I lost my mom to a terrible brain cancer, GBM 4 on December 27th 2010 and I also had the privilege to take care of her for the short 10 months of her disease, which I think is a blessing that it wasn't longer because I sadly had to watch her suffer and wither away. She was not the same from the beginning and at the end she really wasn't sure if I was her daughter. My dad has passed away on March 30th 2011. from a very brief illness which turned out to be generalized cancer. He was in the hospital for only 9 days. I'm still in shock !!! I tell myself mom came and got him so I wouldn't have to go through with him what I went through with her. Even though they were divorced for 21 years they were still friends. I also tell myself I will see them again and because I don't see them now I know they are still with me in spirit and in my heart. I talk to them everyday! I know that Mothers day and Fathers day will be really hard but, I will do something for both of them in my garden representing them. That was me and my moms favorite pass time when she came up to visit was play in my garden thanks to her I have a variety of plants that I probably wouldn't of have if she didn't bring to me every year when she came to visit. I always told my mother that working in that garden was my therapy. This year and years to come I will have the most beautiful garden in my town, because there won't be a moment of neglect, I will be there to enjoy and my reminiscing the times I had with my mom working in my garden and dancing to Elvis as my dad would sing and dance with me when I was a little girl!!! I also am very motivated for the relay for life that joined this year for the first time. I helped create a team to represent my parents and everybody that has been touched by these terrible diseases, in hopes that one day the word "CANCER" would be non existent in our dictionary's!!!!!
Kathy Ledford said:
I lost my mother in August of 2008. This was the first Mother's Day without her and I had a very hard time. I cried all day and when I went to the cemetary to take her flowers it just broke my heart. I also put a note on a balloon and released it at the graveside. Now June is coming up and Father's Day. I lost my dad 43 days after my mom. I just pray that this time of year will be easier to cope with as time passes. I just wanted to see her and talk to her and hug her and tell her how much I love and miss her. That is what I did in my note that I sent up with the balloon. I don't think I have ever felt such heartache and grief. I don't know if I will ever be able to get over this. I know life has to go on but it hurts so much. I am going to grief counseling and it is helping some but there are just days that it is almost unbearable. There is no love like a mother's love and when that is gone it really does have an effect on everything in your life.
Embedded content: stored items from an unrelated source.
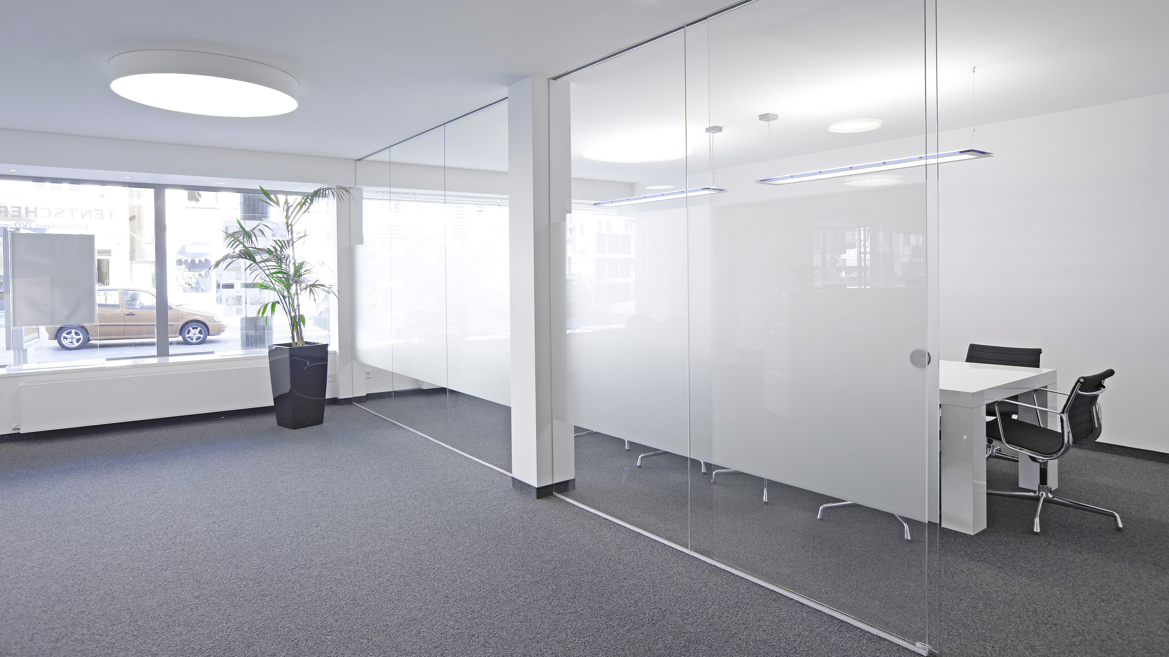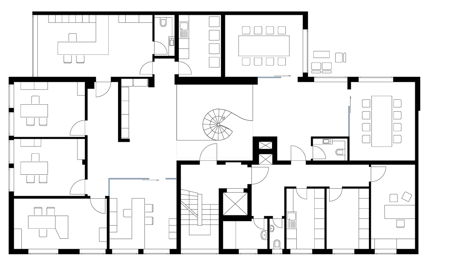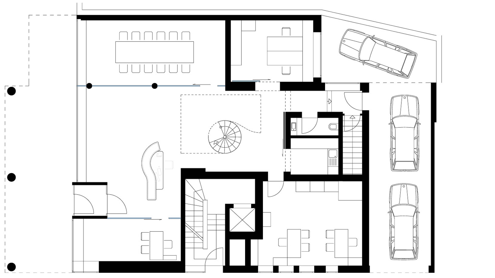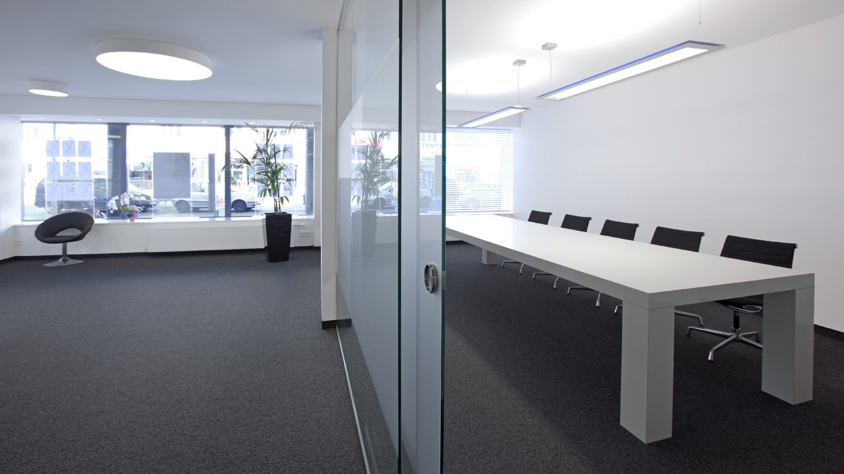 im eckhaus an der kreuzung frauenstraße/schuhhausgasse entstand auf zwei geschossen eine auf wenige elemente reduzierte arbeitswelt. um eine möglichst freie und offene kommunikation zwischen beiden geschossen zu schaffen wurde ein großzügiger, rund 7 meter hoher luftraum integriert. die verbindung der beiden ebenen erfolgt über eine spindeltreppe, die von einer tonne aus geöltem schwarzblech gefasst wird. die freiform stellt das zenrale element der arbeitswelt dar. die profillosen glastrennelemente in den büros sorgen für lichtdurchflutung und die notwendige transparenz. die maßgefertigten, schlichten und hochweiß glänzenden möbel fügen sich mit ihren klaren strukturen wie selbstverständlich in den bestand. kontraste entstehen durch die wirkung großer flächen; die transparenz und die weißgestrichenen wände stehen im deutlichen kontrast zu der in anthrazit gehaltenen treppe, dem bodenbelag als nadelfilz und dem mobilen raumteiler, der als schwarzlackierte, 2,60 x 2,40 meter große glasscheibe, gestaltet wurde.
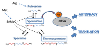 Metabolismo de poliaminas en la célula vegetal. PAs-Poliaminas; PUT-Putrescina sintasa; TSPMs-termospermina sintasa; SPDSs-Espermidina sintasa; SPMS-Espermina sintasa
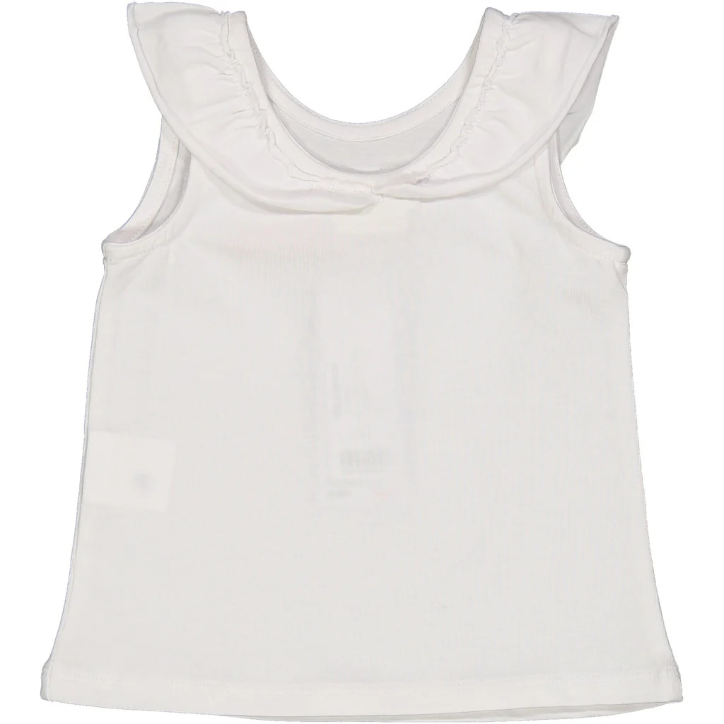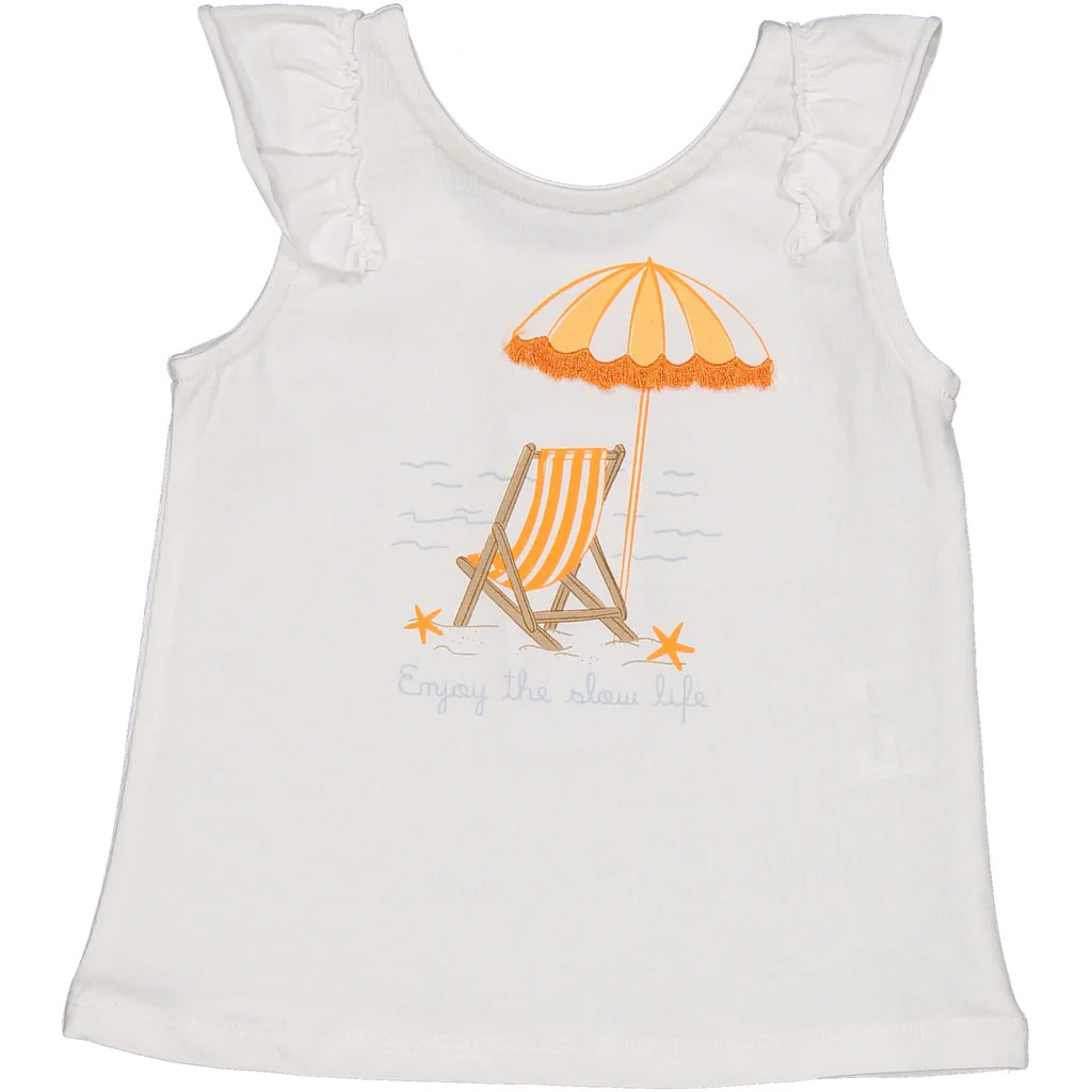 CANOTTA IN JERSEY DI COTONE STRETCH CON DETTAGLIO VOULANT. STAMPA BEACH CON FRANGE 3D SUL DAVANTI.

I pray for God to give me the peace in my heart that I can go on with my life.. I have my children and grandchildren and it breaks my heart to know that one day they will have to suffer this pain. Please pray for me that I can grow to accept this loss and maybe if I can help someone else who has lost their mom or dad, that would help me deal with my loss.
This Sunday will be my first mothers day without my Mama. I have a gun and I think his Sunday is the day I am going to use it. I will use it first on my pugs because I have been unable to find a home for them and on me.
God I hate Mothers day. I will be glad when this weekend is over. I don't want to go to church because they always have something for the mothers. I dont have a mother to give anything to or a child to receive anything from. the hell with mothers day. Im being selfish but I can't help it. I'm a mothers day scrooge.